После разгрома в Финляндии Декабрьского вооруженного восстания и красной Гвардии наступает полоса глубокого идейного и психологического кризиса Андреева. «Не на кого надеяться русской революции, - пишет он Горькому в октябре 1906,- мало друзей у свободы, и нет у нее горячих любовников». К нему возвращаются мысли о роковой предопределенности людских судеб, о бесплодности сопротивления извечным законам жизни, его пессимизм принимает «космический» (Горький) характер. А после смерти в ноябре 1906 Александры Михайловны, жены, которая была ему и другом, и литературным советчиком, Андреев вступает в полосу депрессий, осложненных приступами запоев.
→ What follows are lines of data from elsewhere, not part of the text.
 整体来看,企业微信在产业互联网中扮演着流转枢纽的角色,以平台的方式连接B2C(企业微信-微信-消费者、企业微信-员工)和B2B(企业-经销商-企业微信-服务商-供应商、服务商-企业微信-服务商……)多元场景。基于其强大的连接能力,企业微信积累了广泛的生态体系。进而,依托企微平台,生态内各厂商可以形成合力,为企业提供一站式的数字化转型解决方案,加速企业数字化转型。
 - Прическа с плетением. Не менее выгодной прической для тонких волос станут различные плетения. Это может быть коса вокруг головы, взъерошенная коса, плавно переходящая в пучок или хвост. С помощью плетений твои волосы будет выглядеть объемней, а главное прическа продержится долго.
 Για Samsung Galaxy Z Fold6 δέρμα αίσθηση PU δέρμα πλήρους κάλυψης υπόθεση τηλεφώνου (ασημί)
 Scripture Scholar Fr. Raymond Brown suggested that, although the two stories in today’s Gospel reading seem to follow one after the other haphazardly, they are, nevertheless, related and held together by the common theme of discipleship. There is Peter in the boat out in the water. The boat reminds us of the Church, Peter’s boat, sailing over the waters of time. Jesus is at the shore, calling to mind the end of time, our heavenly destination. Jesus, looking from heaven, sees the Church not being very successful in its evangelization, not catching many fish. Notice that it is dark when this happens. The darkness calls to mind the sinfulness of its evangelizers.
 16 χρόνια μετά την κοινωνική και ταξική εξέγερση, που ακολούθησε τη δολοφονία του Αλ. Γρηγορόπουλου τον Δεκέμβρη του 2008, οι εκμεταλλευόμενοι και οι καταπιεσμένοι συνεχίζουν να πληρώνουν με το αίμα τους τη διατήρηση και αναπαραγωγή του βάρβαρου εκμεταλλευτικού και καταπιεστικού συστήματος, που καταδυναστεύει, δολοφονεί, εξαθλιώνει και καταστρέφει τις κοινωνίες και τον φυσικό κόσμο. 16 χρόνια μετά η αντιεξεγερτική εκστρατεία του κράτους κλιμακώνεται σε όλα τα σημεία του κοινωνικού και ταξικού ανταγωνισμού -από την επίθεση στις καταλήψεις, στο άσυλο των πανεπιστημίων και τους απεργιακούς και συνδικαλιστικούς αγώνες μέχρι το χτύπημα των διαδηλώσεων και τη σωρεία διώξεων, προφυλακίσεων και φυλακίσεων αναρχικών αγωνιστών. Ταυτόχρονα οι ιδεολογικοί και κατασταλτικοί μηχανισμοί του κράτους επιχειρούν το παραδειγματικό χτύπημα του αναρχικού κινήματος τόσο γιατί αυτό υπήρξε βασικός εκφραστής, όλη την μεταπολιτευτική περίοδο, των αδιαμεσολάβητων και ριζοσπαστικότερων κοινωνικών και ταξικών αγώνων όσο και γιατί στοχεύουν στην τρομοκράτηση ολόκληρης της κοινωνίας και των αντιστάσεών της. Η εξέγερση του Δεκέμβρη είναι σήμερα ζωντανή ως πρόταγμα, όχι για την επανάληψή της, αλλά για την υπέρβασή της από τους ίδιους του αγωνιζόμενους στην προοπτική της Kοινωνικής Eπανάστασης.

Разочарования в недавних предчувствиях и надеждах, скептическая оценка и отдельного человека, и «толпы» - вот что устанавливает идейно-эмоциональную тональность андреевских произведений послереволюционного периода. Так, полон непримиримой ненависти к существующему Савва (драма «Савва» 1906). Но, подчеркивает Андреев, он «”не герой” мой … это – еще раз и еще раз трагическое жизни, тоска о светлом, загадка смерти» (Лит. наследство. Т. 72. С. 266).
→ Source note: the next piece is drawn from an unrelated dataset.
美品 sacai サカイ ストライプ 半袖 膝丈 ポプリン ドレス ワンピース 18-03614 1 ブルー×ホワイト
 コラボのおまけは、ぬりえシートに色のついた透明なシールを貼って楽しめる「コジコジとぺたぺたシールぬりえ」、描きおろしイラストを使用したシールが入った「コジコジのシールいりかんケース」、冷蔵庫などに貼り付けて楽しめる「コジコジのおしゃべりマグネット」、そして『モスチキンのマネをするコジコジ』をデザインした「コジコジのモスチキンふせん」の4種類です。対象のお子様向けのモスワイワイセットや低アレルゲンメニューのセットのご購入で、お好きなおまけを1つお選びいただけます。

«Савва» - это социально-философское художественное произведение «о трагическом в жизни», « тоска о светлом», алкание раскрепощения человека. Ее идейно-художественная задача, как ее понимал автор, «дать синтез российского мятежного духа в различных крайних его проявлениях» (Андреев Л. Неизданные письма. Публикации и комментарии Л. И. Беззубова. – Учен. Зап. Тартуского ун-та, 1962, т. 5. Вып. 119, С. 385). Пессимистичен по своей оценке перспектив революционных восстаний рассказ «Так было» (1906). Рассказ «Так было» и драма «Савва» не кончаются полной и торжествующей победой. Но победы нет ни в повести «Губернатор», ни в пьесе «К звездам». «Физической» победы революции у Андреева никогда и не могла быть даже в самых светлых его вещах («К звездам», «Из рассказа, который никогда не будет окончен», «Иван Иванович»), она могла быть и была только духовной. И тогда она свидетельствовала и о демократической направленности творчества Андреева, и о его романтической увлеченности, и об органической симпатии к революции.
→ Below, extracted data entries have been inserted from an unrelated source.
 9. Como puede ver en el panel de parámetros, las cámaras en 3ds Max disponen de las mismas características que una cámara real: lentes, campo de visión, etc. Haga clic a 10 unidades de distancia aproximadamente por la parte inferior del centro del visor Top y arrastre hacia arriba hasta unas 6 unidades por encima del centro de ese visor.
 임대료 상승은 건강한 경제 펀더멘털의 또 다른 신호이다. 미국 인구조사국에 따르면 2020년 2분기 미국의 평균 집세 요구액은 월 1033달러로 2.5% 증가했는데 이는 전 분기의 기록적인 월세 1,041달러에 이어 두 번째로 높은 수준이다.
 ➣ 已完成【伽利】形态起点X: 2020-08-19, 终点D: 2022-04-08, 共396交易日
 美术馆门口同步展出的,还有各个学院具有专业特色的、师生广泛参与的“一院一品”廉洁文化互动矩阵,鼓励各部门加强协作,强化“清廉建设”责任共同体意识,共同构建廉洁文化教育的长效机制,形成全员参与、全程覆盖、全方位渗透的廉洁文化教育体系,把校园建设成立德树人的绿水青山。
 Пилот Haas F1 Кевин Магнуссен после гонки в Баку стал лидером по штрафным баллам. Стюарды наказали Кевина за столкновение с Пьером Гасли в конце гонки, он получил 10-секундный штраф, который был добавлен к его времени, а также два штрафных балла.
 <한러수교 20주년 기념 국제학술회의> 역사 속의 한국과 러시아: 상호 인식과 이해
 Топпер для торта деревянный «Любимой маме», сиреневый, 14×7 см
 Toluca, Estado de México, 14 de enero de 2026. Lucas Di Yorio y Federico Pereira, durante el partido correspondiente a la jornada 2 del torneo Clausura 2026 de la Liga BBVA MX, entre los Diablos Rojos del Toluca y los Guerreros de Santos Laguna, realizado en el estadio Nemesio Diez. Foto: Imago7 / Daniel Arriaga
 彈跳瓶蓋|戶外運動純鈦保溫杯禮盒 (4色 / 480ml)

Трусливыми обывателями предстают в повести «Иуда Искариот и другие» (1907) не только толпа, глумящаяся над Христом, но и его ученики. Обречен на смерть человек в драме «Жизнь человека» (1907). Некто в сером неустанно напоминает ему, что он лишь «покорно совершает круг железного предназначения». Сценическая история драматургии Андреева началась в 1907 г. в Петербурге, на сцене Драматического театра В.Ф. Комиссаржевской, или, как его называли, в театре на Офицерской 22 февраля состоялась премьера спектакля «Жизнь Человека» в постановке В. Э. Мейерхольда, 12 декабря та же пьеса была впервые показана в московском Художественном театре. Ставил спектакль К. С. Станиславский. Обе постановки, совершенно разные по стилю и исполнению, имели громадный успех и послужили источником острой дискуссии в театральной прессе. Тогда же, в 1907 г. появились и первые театроведческие оценки творчество Андреева. Н. Е. Эфрос, крупнейший театральный критик своего времени, писал после первых постановок «Жизни Человека»: «Сыграть Леонида Андреева слишком заманчиво. Очень уж это большой талант; бесспорно, к нему сейчас сильнее, чем к кому-нибудь из наших писателей, влечется всякое внимание. Темная туча окутывает душу Андреева, и родятся в ней чувства и мысли такие тяжелые, налитые безысходною тоскою, черною безнадежностью. Этот темный огонь жжет и при чтении, эти слова театр сейчас же должен был увидеть – и увидел, - что ему придется, если он захочет быть достойным пьесы, не только как угодно совершенно ее сыграть, но еще и прежде всего изобрести способы, как сыграть».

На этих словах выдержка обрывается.